| Recorded information |
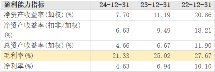 将时间跨度扩展至2022年—2024年,视源股份这一特点愈发显著。在此期间,公司营业收入从209.9亿元稳步增长至224.01亿元。净利润却从20.72亿元下滑至9.71亿元,与营收增长轨迹明显背离。为何会出现这种情况?
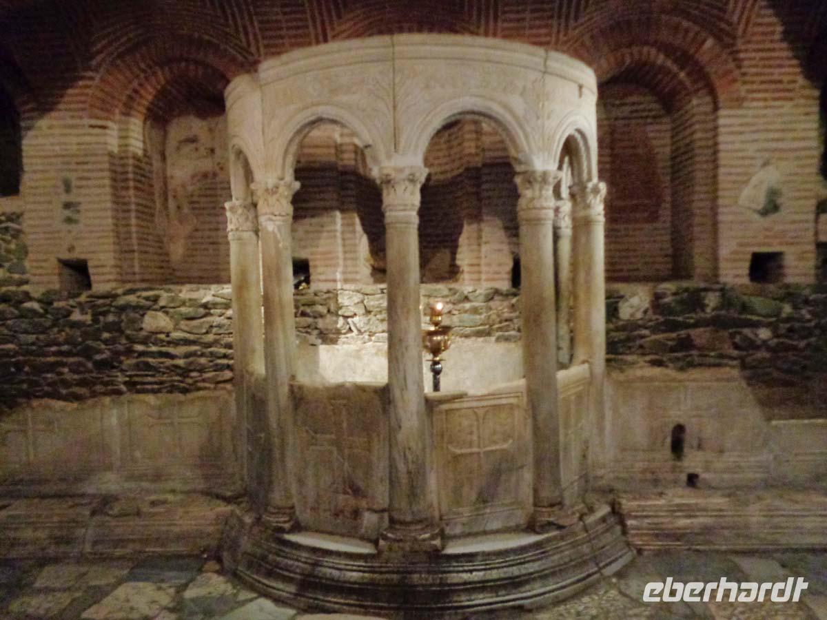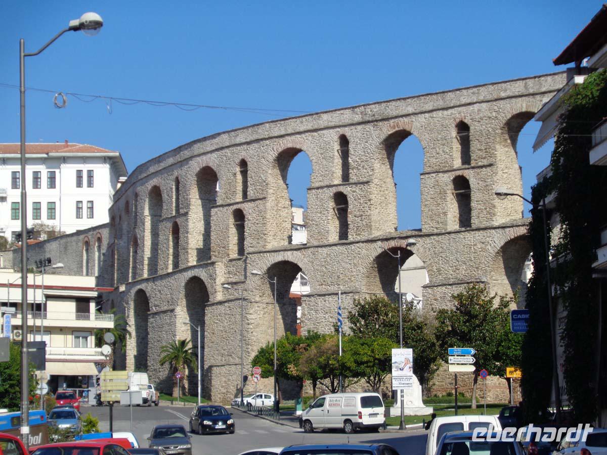 Der heutige Tag steht zunächst im Zeichen des frühen Christentums auf dem europäischen Kontinent. Wir reisen zur antiken Stätte von Philippi. Phillip II. gab der Stadt seinen Namen, die vor allem durch die reichen Goldvorkommen im nahen Pangaiongebirge reich und mächtig wurde. Hier gründete der Apostel Paulus im Jahre 49 n. Chr. die erste christliche Gemeinde. An kaum einem anderen Ort wird die Überprägung griechisch-römischer Anlagen durch christliche Großbauten visuell so deutlich. Der zweieinstündige Rundgang geht nach dem Theater über Basilika A und das Gefängnis des Apostel Paulus zum Forum zur Bischofskirche mit schönen Mosaiken. Längst ist noch nicht alles ausgegraben. Nur eine kurze Strecke ist zu überwinden, dann haben wir das Taufbecken der Lydia erreicht, des ersten Menschen, der in Europa getauft wurde. Hernach kann auch noch ein Blick in das neuzeitliche Baptisterium geworfen werden. Am frühen Nachmittag treffen wir am alten Hafen von Kavala ein. Es ist freie Zeit um die Stadt selbst zu erkunden und/oder in eine der zahlreichen Tavernen zu gehen um etwas zu Mittag zu essen. Am besten verbindet man beides miteinander. Wahrzeichen der Stadt ist ein mächtiges Aquädukt aus der Zeit Suleiman des Prächtigen (16. Jh.). Über der Altstadt thront die Zitadelle, eine 1425 erbaute byzantinische Burg. Nach einem Rundgang sind vor allen die zahlreichen Restaurants an der Hafenpromenade mit guten griechischen Essen zu empfehlen. Der fangfrische Fisch, der hier auf die Teller kommt, wird auf der gegenüberliegenden Straßenseite am Kai angelandet. Bei der Rückkehr zum Hotel statten wir dem Löwen von Amphipolis einen Besuch ab. Die bombastische Plastik ist der Rest eines gewaltigen Grabmonuments aus hellenistischer Zeit, das sich etwas außerhalb der eigentlichen antiken Stadt befindet. Bei einem üppigen Abendbüffet in unserem Hotel lassen wir den Tag ausklingen.
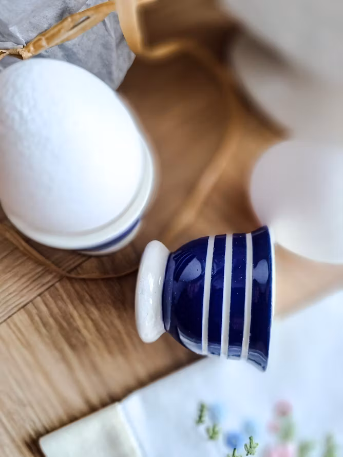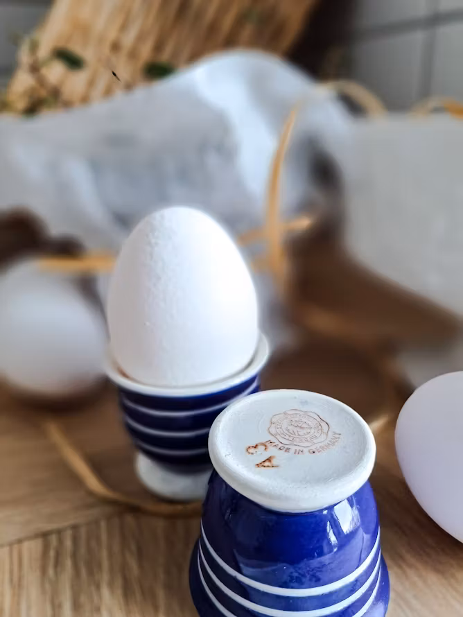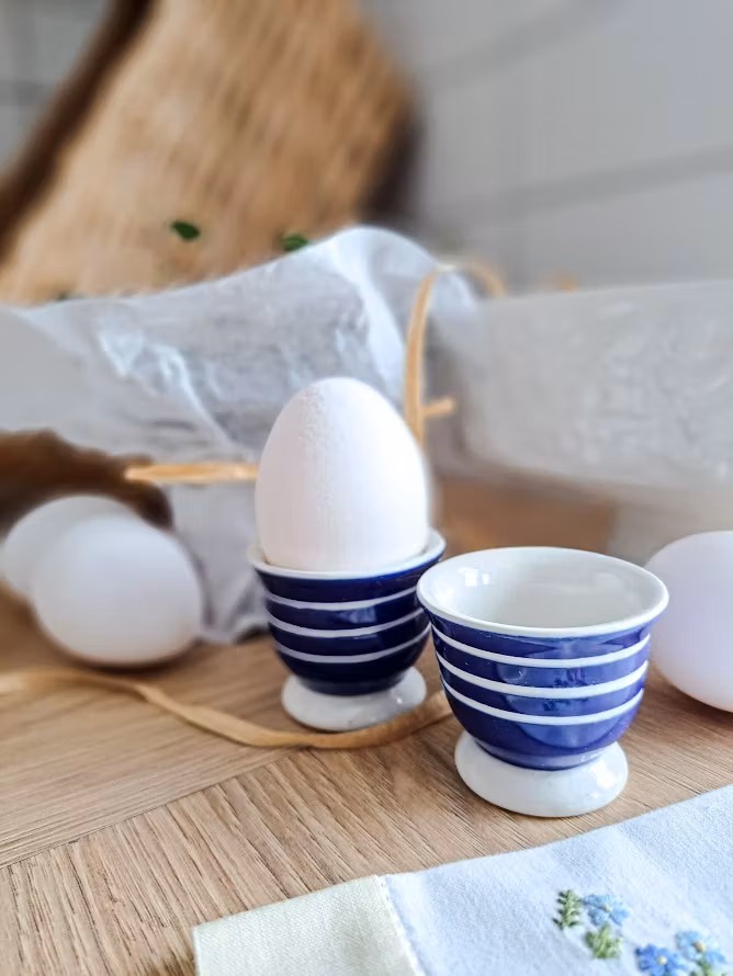 Äldre klassiska äggkoppar i stengods. Levereras om 2 styck äggkoppar. I mycket väl bevarat bruksskick.

| What you will do |
For this exercise, return the data above exactly and leave every picture out.

| Answer space |
 将时间跨度扩展至2022年—2024年,视源股份这一特点愈发显著。在此期间,公司营业收入从209.9亿元稳步增长至224.01亿元。净利润却从20.72亿元下滑至9.71亿元,与营收增长轨迹明显背离。为何会出现这种情况?
 Der heutige Tag steht zunächst im Zeichen des frühen Christentums auf dem europäischen Kontinent. Wir reisen zur antiken Stätte von Philippi. Phillip II. gab der Stadt seinen Namen, die vor allem durch die reichen Goldvorkommen im nahen Pangaiongebirge reich und mächtig wurde. Hier gründete der Apostel Paulus im Jahre 49 n. Chr. die erste christliche Gemeinde. An kaum einem anderen Ort wird die Überprägung griechisch-römischer Anlagen durch christliche Großbauten visuell so deutlich. Der zweieinstündige Rundgang geht nach dem Theater über Basilika A und das Gefängnis des Apostel Paulus zum Forum zur Bischofskirche mit schönen Mosaiken. Längst ist noch nicht alles ausgegraben. Nur eine kurze Strecke ist zu überwinden, dann haben wir das Taufbecken der Lydia erreicht, des ersten Menschen, der in Europa getauft wurde. Hernach kann auch noch ein Blick in das neuzeitliche Baptisterium geworfen werden. Am frühen Nachmittag treffen wir am alten Hafen von Kavala ein. Es ist freie Zeit um die Stadt selbst zu erkunden und/oder in eine der zahlreichen Tavernen zu gehen um etwas zu Mittag zu essen. Am besten verbindet man beides miteinander. Wahrzeichen der Stadt ist ein mächtiges Aquädukt aus der Zeit Suleiman des Prächtigen (16. Jh.). Über der Altstadt thront die Zitadelle, eine 1425 erbaute byzantinische Burg. Nach einem Rundgang sind vor allen die zahlreichen Restaurants an der Hafenpromenade mit guten griechischen Essen zu empfehlen. Der fangfrische Fisch, der hier auf die Teller kommt, wird auf der gegenüberliegenden Straßenseite am Kai angelandet. Bei der Rückkehr zum Hotel statten wir dem Löwen von Amphipolis einen Besuch ab. Die bombastische Plastik ist der Rest eines gewaltigen Grabmonuments aus hellenistischer Zeit, das sich etwas außerhalb der eigentlichen antiken Stadt befindet. Bei einem üppigen Abendbüffet in unserem Hotel lassen wir den Tag ausklingen.
 Äldre klassiska äggkoppar i stengods. Levereras om 2 styck äggkoppar. I mycket väl bevarat bruksskick.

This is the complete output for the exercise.